Currently relay services are mostly operator-assisted (manual), 
although methods of partial automation are being implemented in some 
areas. These services enable full access to modern facilities and 
conveniences for deaf, hard of hearing and speech-impaired people. 
Although these services are somewhat limited, their value is 
undeniable as compared to their previous complete unavailability. 

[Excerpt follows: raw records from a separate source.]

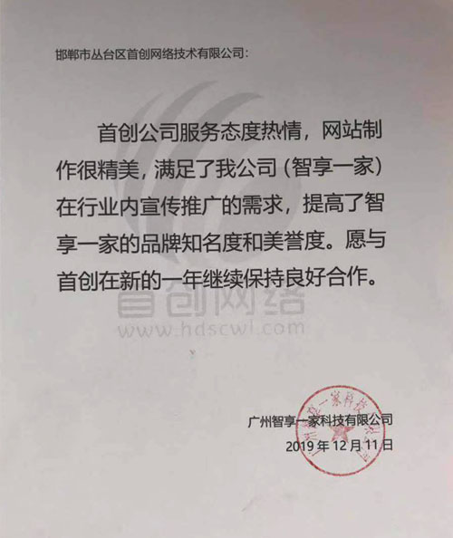 首創(chuàng)公司服務(wù)態(tài)度熱情,網(wǎng)站制作很精美,滿足了我公司(智享一家)在行業(yè)內(nèi)宣傳推廣的需求,提高了智享一家的品牌知名度和美譽(yù)度。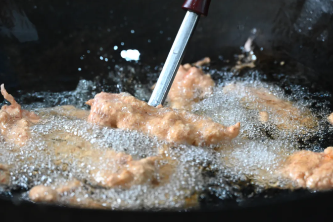 ▲将鱼段放入六成热油中火炸4分钟至酒糟红捞起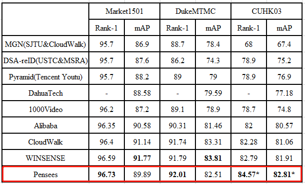 近日,国内人工智能企业澎思科技(Pensees)在行人再识别(Person Re-identification,简称ReID)算法上取得突破,在三大主流ReID数据集测试Market1501,DukeMTMC-reID,CUHK03中,算法关键指标首位命中率(Rank-1 Accuracy)获得业内最好成绩,刷新了世界纪录。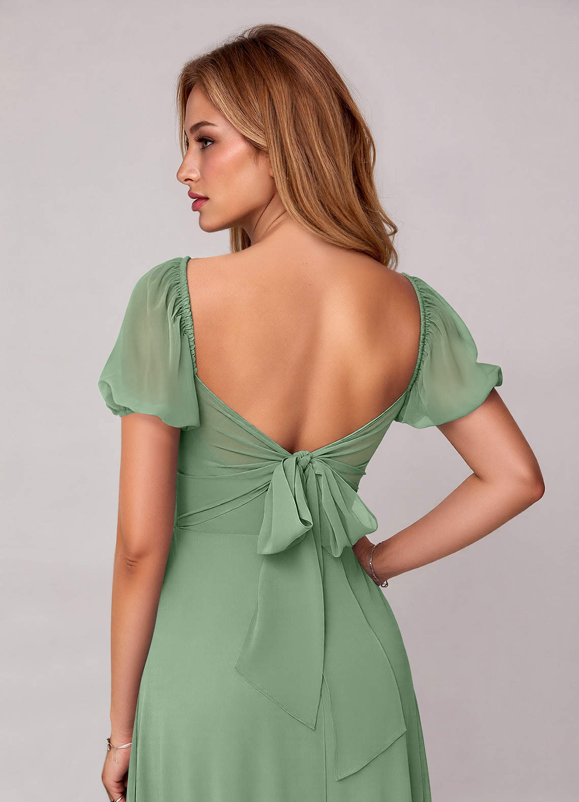Matcha A-Line with Pockets Chiffon Dress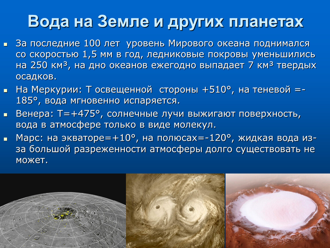 На Меркурии: Т освещенной стороны +510°, на теневой =-185°, вода мгновенно испаряется.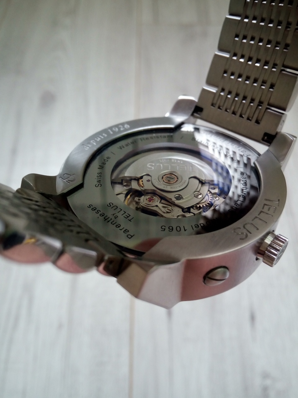 TELLUS Discoverer. Состояние отличное (состояние "B" в описании обусловлено правилами из-за смены браслета, по факту состояние ближе к "АА", часы носились редко и бережно), стекла чистые, по корпусу если только микроволоски. На фоне массы однотипных часов вы не останитесь незамеченным, проверено!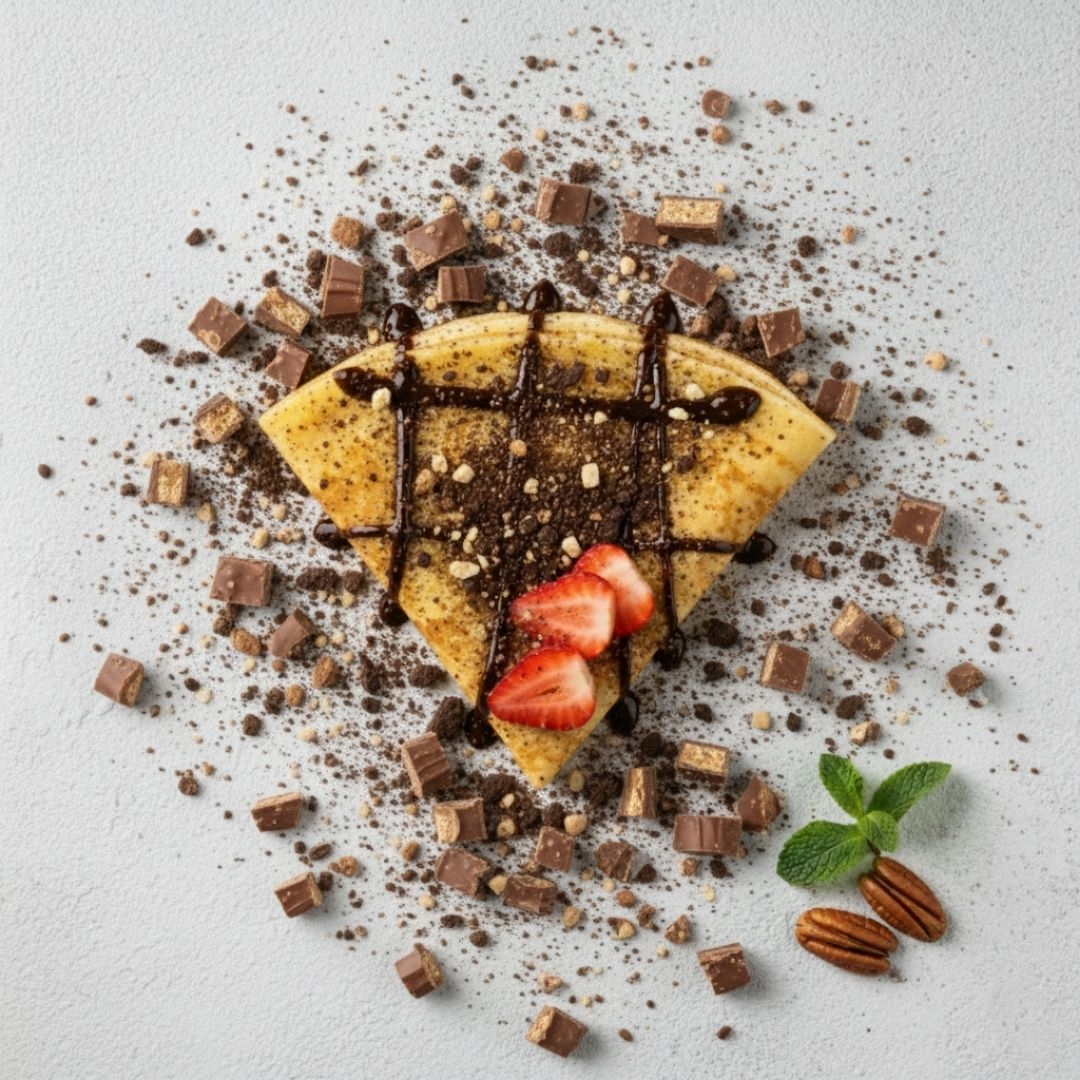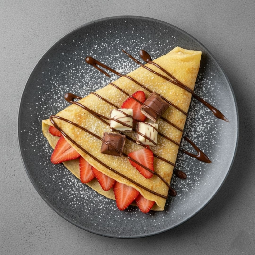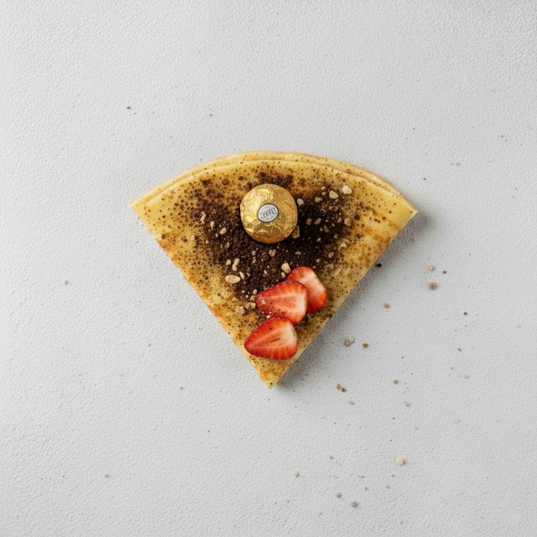 Crepa de nutella, chocolate, crema de vainilla y kinder delice.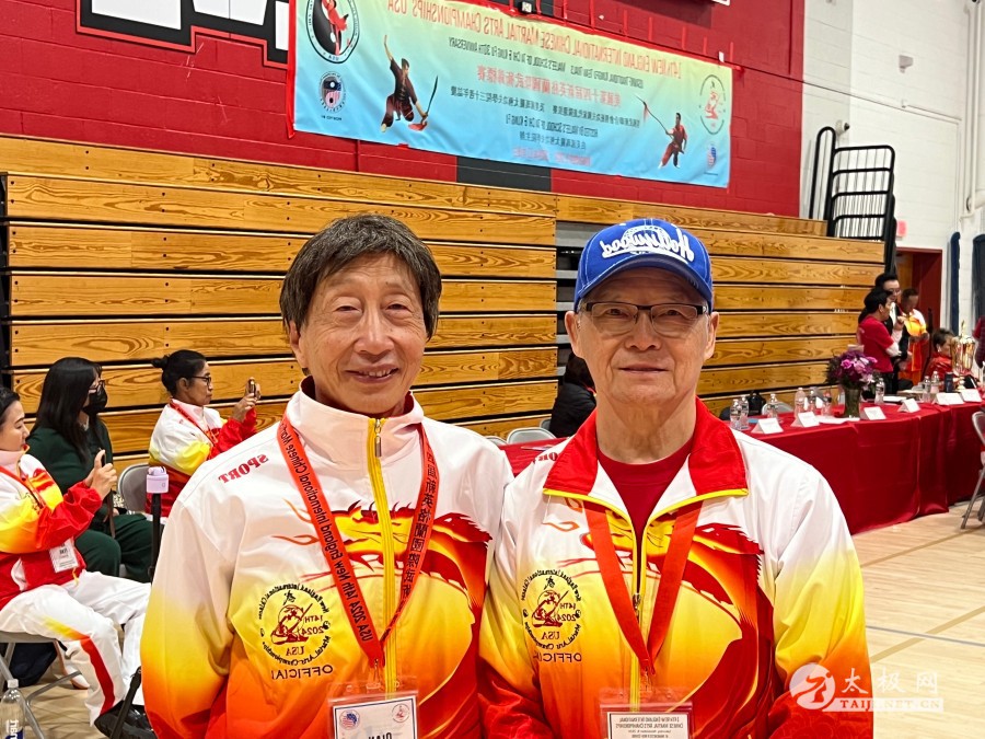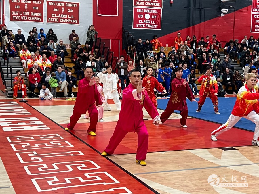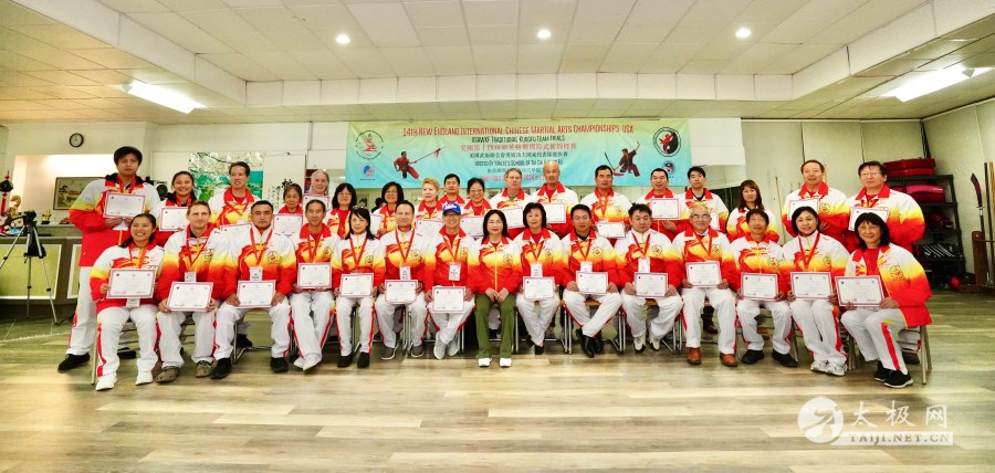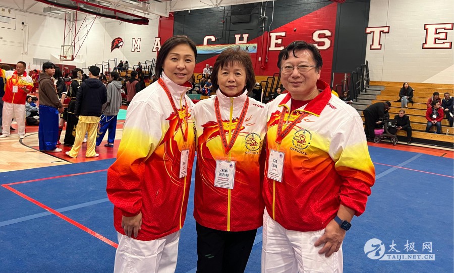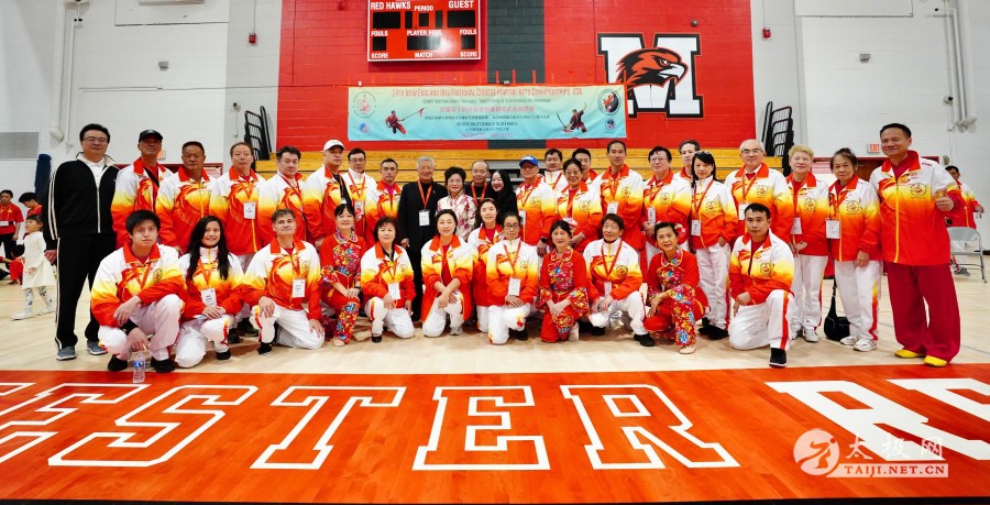 本次赛事武术国际级裁判、国家级裁判等合影(特邀记者钱承飞 )11月9日,美国第14届新英格兰国际武术锦标赛等赛事在康州孟彻斯特市高中体育场馆当天圆满闭幕,来自国内外350多名运动员等千余人参赛。其中85名运动员有幸可以参加明年举办的世界传统武术锦标赛。各运动队均有收获,这次美国河北武术学院由院长贾武忠带领的各族裔6名学员也获得上乘佳绩,来自美国得州奥斯汀教学的张芳女士获太极比赛六项金牌并获(女子40到59岁)全能冠军。  两位前世界太极拳冠军陈思坦、邹云建带领太极爱好者演练24式太极拳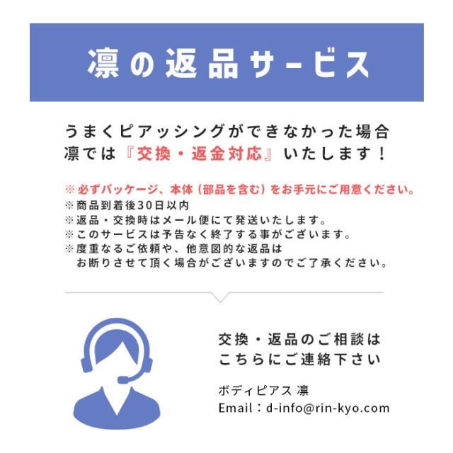 ◆医療用ステンレス製、耳たぶ用軟骨用ピアッサー(片耳用)◆ はじめてのピアッシングにおすすめ!軟骨用ピアッサー! はじめてボディピアス・軟骨ピアスを開けたい方 久しぶりにボディピアス・軟骨ピアスを開けたい方 軟骨ピアス用のピアッサーが欲しい…そんな方にオススメ! 軟骨用ボディピアス・14gの軟骨用ピアッサー(片耳用)! ◆軟骨用ピアッサー SPEC◆ ゲージ:14g / トップ:3mm / 有効軸長:8mm / 素材:医療用ステンレス製 ◆ボディピアスのピアッサーQ&A◆ Q:軟骨用ピアッサーでまっすぐ開けるコツは? A:耳の裏にあてながら開けてください。 Q:軟骨用ピアッサーで開けるのは、やはり痛い? A:痛みには個人差があります。 Q:軟骨用ピアッサーで開けた後は、お風呂に入っても大丈夫? A:開けたその日から入ってOK!ファーストピアスはホールが安定するまでは、つけっぱなしが鉄則です ※アレルギーには個人差があり、必ずしもアレルギーが出ないとは限りません。 |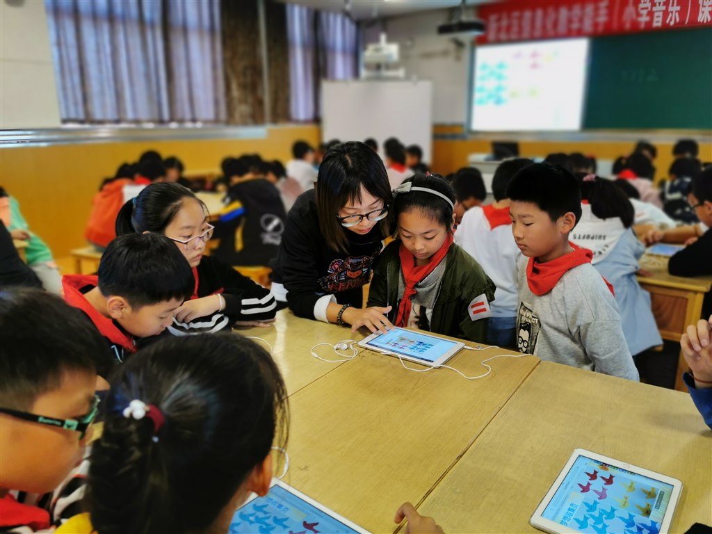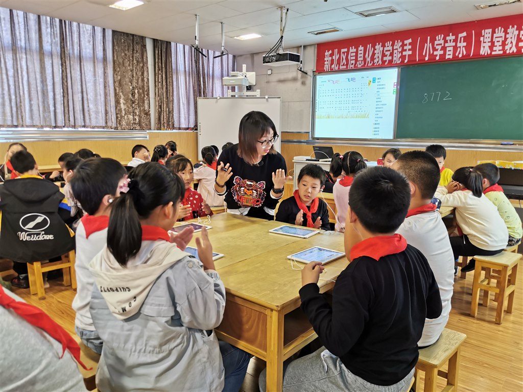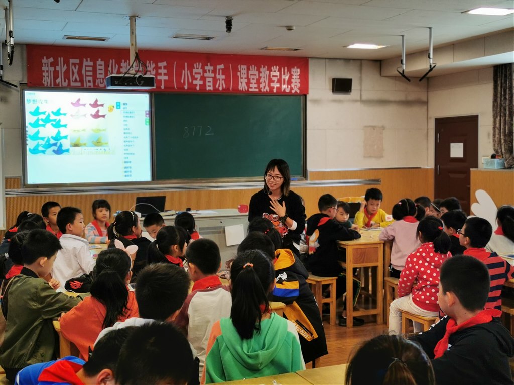音乐信息化教学能手课堂教学比赛于10月14日在奔牛小学举行。我校陈伊一老师执教《飞吧飞吧》,从学生的梦想出发,注重情感体验,运用珠峰后台,音轨合成软件等信息化手段,让学生们以小组合作的方式自主完成学习,高速有效的完成了二声部合唱的学习。“音”为有你,“乐”在其中,陈老师打破了传统的音乐课堂的教学设计,展示了信息化课堂特有的魅力。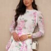 Elegant and stylish women’s set that combines subtlety with modern design. The blouse made of lightweight, transparent tulle with long sleeves and a round neckline gives the styling feminine charm and delicacy. Skirt shorts are a functional and fashionable solution, fastened with a concealed zipper, ensuring comfort and the front pleats add an elegant character and lightness. The colorful print attracts attention and gives the whole a unique expression. Perfect choice for special occasions, social gatherings or trendy urban stylizations.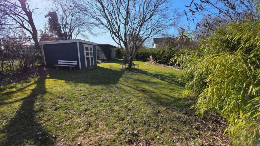 Der liebevoll gestaltete Garten selbst ist ein kleines Paradies: weitläufig, eben, altbaumbestanden, ein praktisches Gartenhaus, genug Platz für Pool, Trampolin, Hochbeete… einfach Leben im Grünen. Zwei Garagen und mindestens ein Außenstellplatz vor der Garage sorgen für ausreichend Parkmöglichkeiten und runden das Paket ab.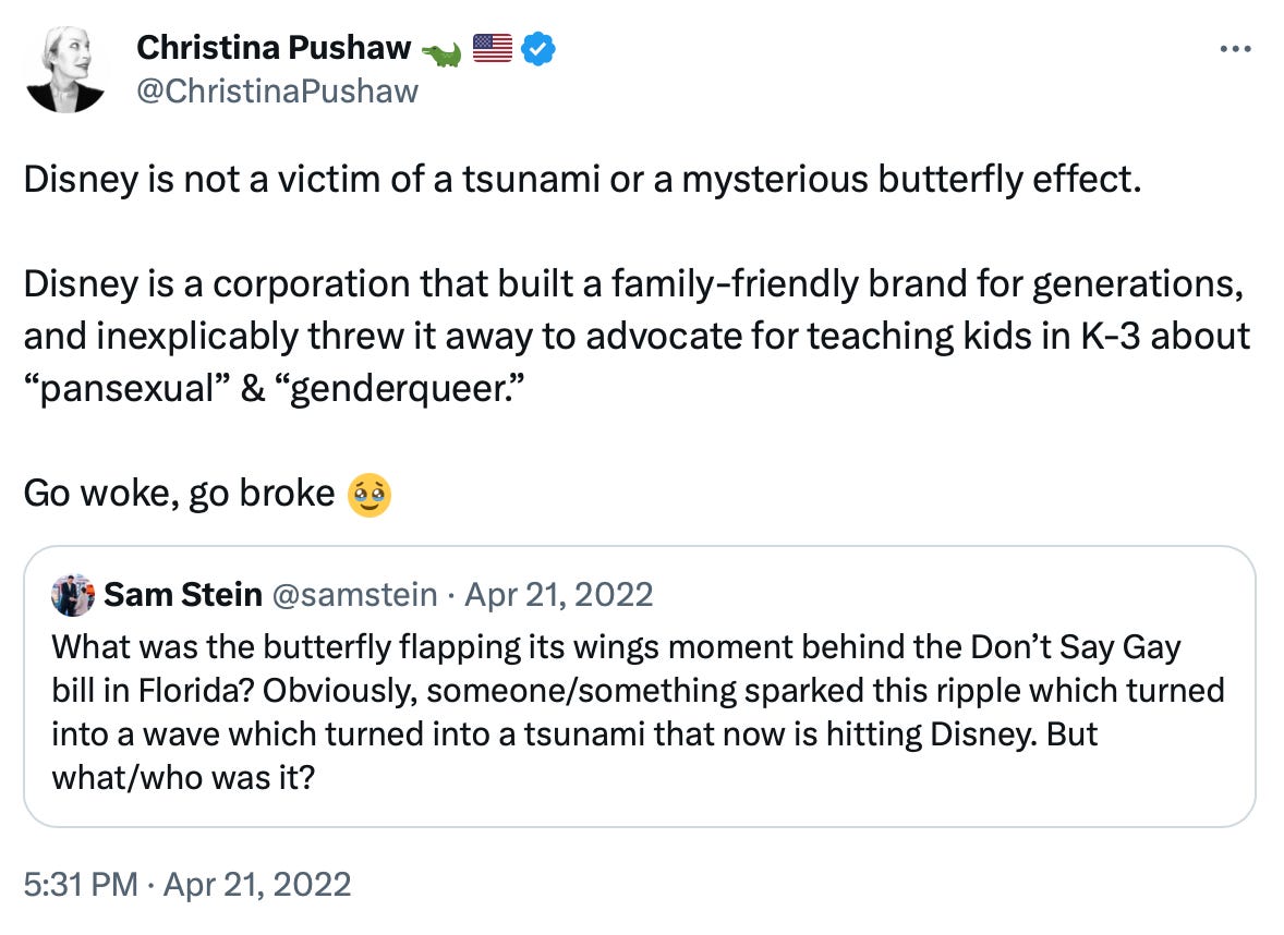 And when a major employer — the Walt Disney Co. — bent to pressure from its own employees and spoke out against just one of those new laws, DeSantis retaliated by having the Legislature pass a bill giving him control of the government district that oversees Walt Disney World’s property in central Florida. “Go woke, go broke,” DeSantis’ official spokesperson boasted.

Yet communication methods in recent decades have proliferated: 


email, mobile phones, video streaming, etc. These methods are an 
advance in the development of data transfer technologies between 
devices. 


Developers and advocates of SIP agree that it is a protocol that not 
only anticipates the growth in real-time communications between 
convergent networks, but also fulfills the potential of the Internet 
as a communications and information forum. Further, they agree that 
these developments allow a standard of communication that can be 
applied throughout all networking communities, regardless of 
abilities and preferences. 


5. Deaf, Hard of Hearing and Speech-impaired Requirements for SIP 
Introduction 
The user requirements in this section are provided for the benefit of 
service providers, User Agent manufacturers and any other interested 
parties in the development of products and services for deaf, hard of 
hearing and speech-impaired people. 
The user requirements are as follows: 

5.1 Connection without Difficulty 
This requirement states: 
Whatever the preferences and abilities of the user and User Agent, 
there SHOULD be no difficulty in setting up SIP sessions. These 
sessions could include multiple proxies, call routing decisions, 
transcoding services, e.g., the relay service Typetalk[5] or other 


media processing, and could include multiple simultaneous or 
alternative media streams.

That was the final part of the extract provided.